[Excerpts from a dataset]
--- START ---
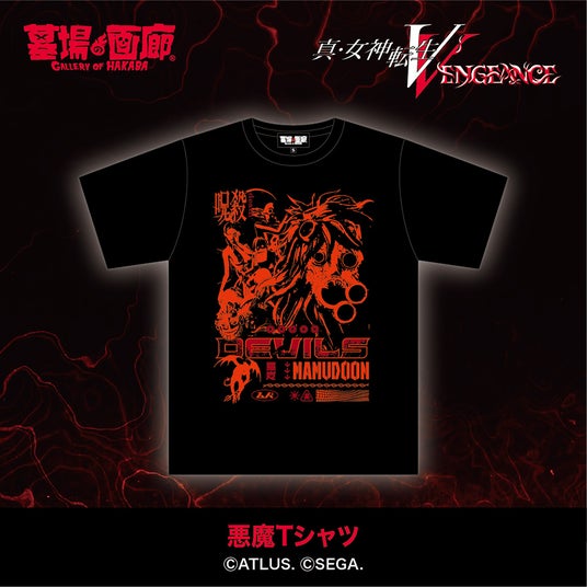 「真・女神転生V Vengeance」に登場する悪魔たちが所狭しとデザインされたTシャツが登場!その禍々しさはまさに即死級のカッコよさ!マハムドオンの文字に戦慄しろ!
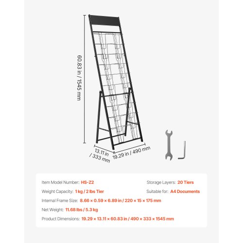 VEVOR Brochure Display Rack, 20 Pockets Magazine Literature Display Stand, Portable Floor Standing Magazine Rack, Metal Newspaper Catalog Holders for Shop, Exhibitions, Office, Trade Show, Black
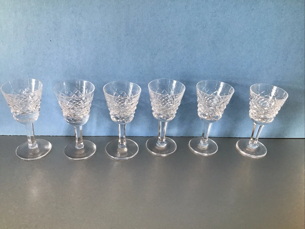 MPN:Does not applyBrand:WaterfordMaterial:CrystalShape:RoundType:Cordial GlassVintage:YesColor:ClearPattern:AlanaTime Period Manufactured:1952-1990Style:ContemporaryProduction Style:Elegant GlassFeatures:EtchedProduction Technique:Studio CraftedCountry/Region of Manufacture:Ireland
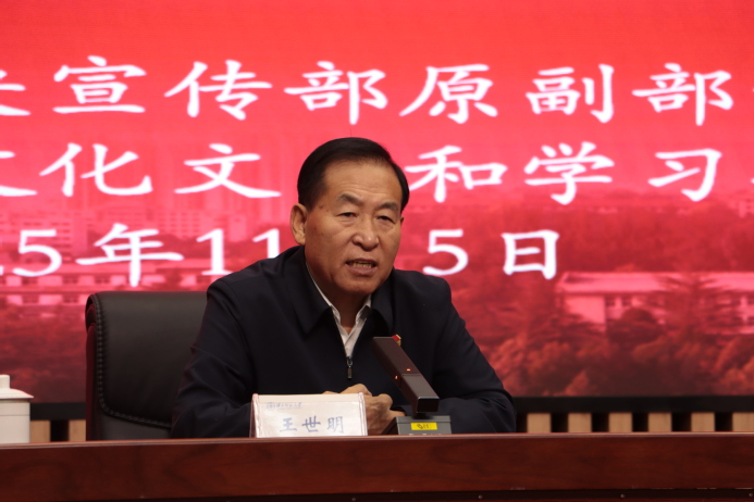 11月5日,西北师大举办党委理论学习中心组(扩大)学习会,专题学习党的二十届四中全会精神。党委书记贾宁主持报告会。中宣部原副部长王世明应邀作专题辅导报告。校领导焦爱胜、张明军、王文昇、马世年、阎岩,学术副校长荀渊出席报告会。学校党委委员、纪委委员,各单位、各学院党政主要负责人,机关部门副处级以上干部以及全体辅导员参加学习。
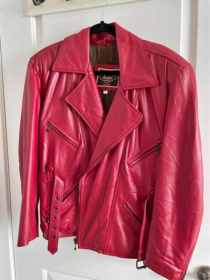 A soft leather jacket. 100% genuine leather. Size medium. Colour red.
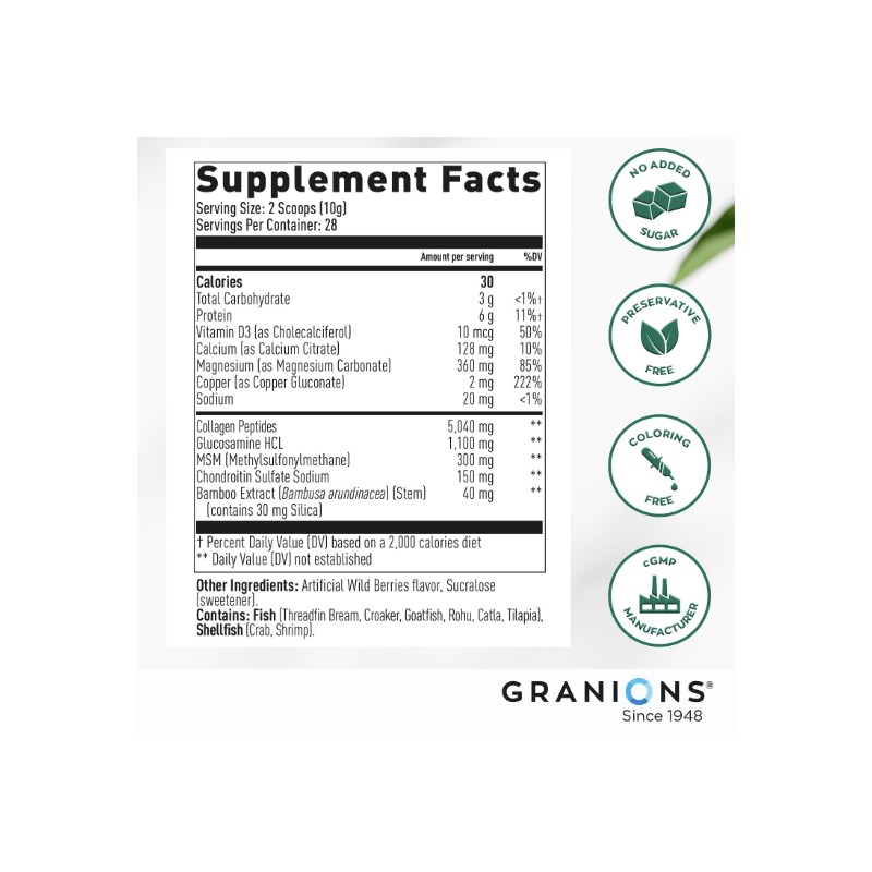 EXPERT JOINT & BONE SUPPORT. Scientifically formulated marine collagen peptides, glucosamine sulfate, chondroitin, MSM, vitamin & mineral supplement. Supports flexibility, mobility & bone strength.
--- END ---
--- START ---
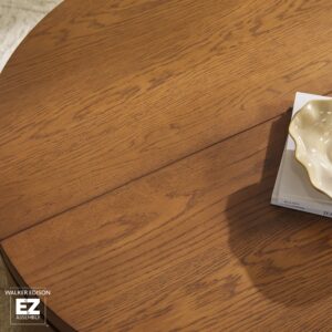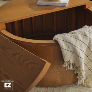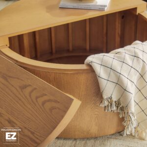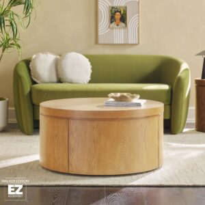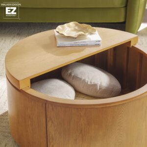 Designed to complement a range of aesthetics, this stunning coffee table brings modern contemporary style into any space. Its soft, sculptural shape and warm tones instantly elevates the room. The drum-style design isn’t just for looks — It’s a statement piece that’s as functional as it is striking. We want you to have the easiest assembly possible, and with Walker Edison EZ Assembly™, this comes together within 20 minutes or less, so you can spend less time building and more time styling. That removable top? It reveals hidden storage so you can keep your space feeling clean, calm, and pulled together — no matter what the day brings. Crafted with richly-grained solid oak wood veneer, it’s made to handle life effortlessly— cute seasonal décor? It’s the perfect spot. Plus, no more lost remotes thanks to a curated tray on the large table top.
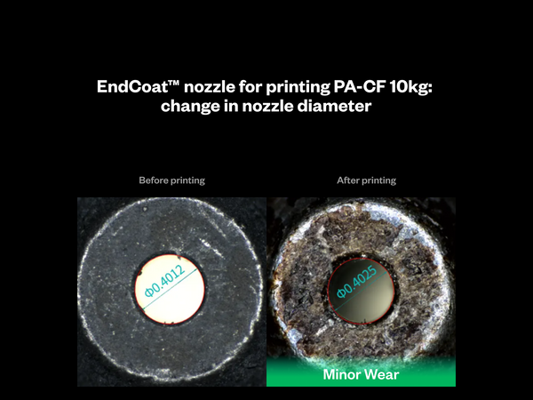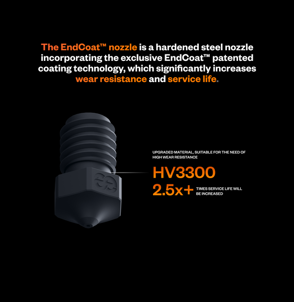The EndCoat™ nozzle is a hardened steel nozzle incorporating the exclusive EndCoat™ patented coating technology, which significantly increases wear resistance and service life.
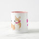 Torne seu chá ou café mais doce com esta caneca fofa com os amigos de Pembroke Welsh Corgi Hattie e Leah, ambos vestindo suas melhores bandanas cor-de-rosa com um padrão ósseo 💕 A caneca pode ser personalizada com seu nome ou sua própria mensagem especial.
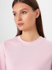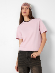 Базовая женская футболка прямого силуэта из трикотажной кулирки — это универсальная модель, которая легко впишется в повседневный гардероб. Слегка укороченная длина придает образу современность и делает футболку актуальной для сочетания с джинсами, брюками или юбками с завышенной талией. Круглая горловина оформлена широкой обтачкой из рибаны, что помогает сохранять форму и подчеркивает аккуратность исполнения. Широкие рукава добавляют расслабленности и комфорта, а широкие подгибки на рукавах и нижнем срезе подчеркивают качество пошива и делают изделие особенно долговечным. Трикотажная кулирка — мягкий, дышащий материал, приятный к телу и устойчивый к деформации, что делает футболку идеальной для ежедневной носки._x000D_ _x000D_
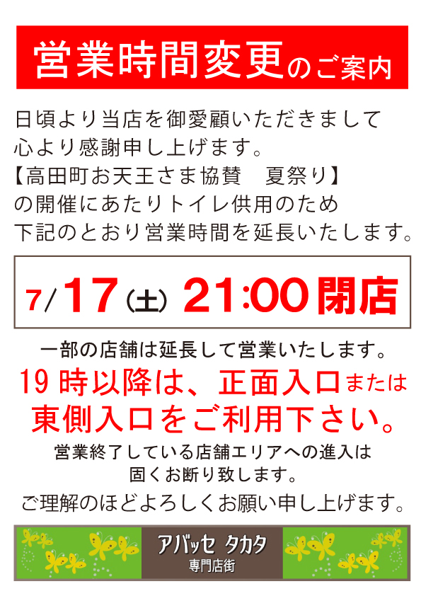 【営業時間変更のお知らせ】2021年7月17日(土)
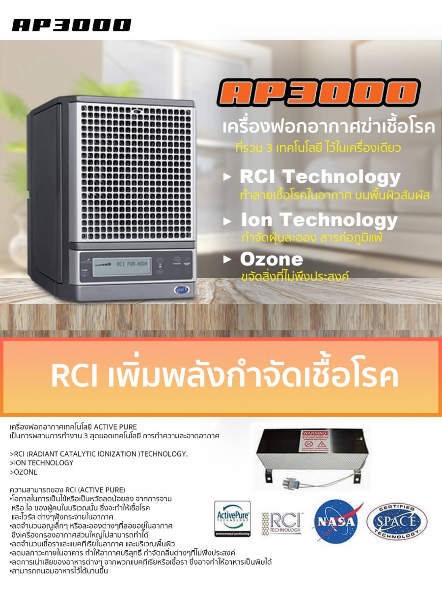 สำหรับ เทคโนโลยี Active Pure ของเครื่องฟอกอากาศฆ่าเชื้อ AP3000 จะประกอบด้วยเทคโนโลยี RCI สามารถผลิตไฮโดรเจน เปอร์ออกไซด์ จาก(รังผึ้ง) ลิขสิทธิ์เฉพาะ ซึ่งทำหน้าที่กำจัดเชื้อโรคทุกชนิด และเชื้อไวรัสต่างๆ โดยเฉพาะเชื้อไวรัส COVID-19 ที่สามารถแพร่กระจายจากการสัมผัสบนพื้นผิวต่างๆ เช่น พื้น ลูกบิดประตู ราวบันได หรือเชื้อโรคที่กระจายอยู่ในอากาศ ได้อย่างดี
--- END ---
Since the pictures are not part of the copy, please transcribe only the lines above from the one with "11月5日,西北师大举办党委" through the one with "EXPERT JOINT &", exactly and with both ends.

 11月5日,西北师大举办党委理论学习中心组(扩大)学习会,专题学习党的二十届四中全会精神。党委书记贾宁主持报告会。中宣部原副部长王世明应邀作专题辅导报告。校领导焦爱胜、张明军、王文昇、马世年、阎岩,学术副校长荀渊出席报告会。学校党委委员、纪委委员,各单位、各学院党政主要负责人,机关部门副处级以上干部以及全体辅导员参加学习。
 A soft leather jacket. 100% genuine leather. Size medium. Colour red.
 EXPERT JOINT & BONE SUPPORT. Scientifically formulated marine collagen peptides, glucosamine sulfate, chondroitin, MSM, vitamin & mineral supplement. Supports flexibility, mobility & bone strength.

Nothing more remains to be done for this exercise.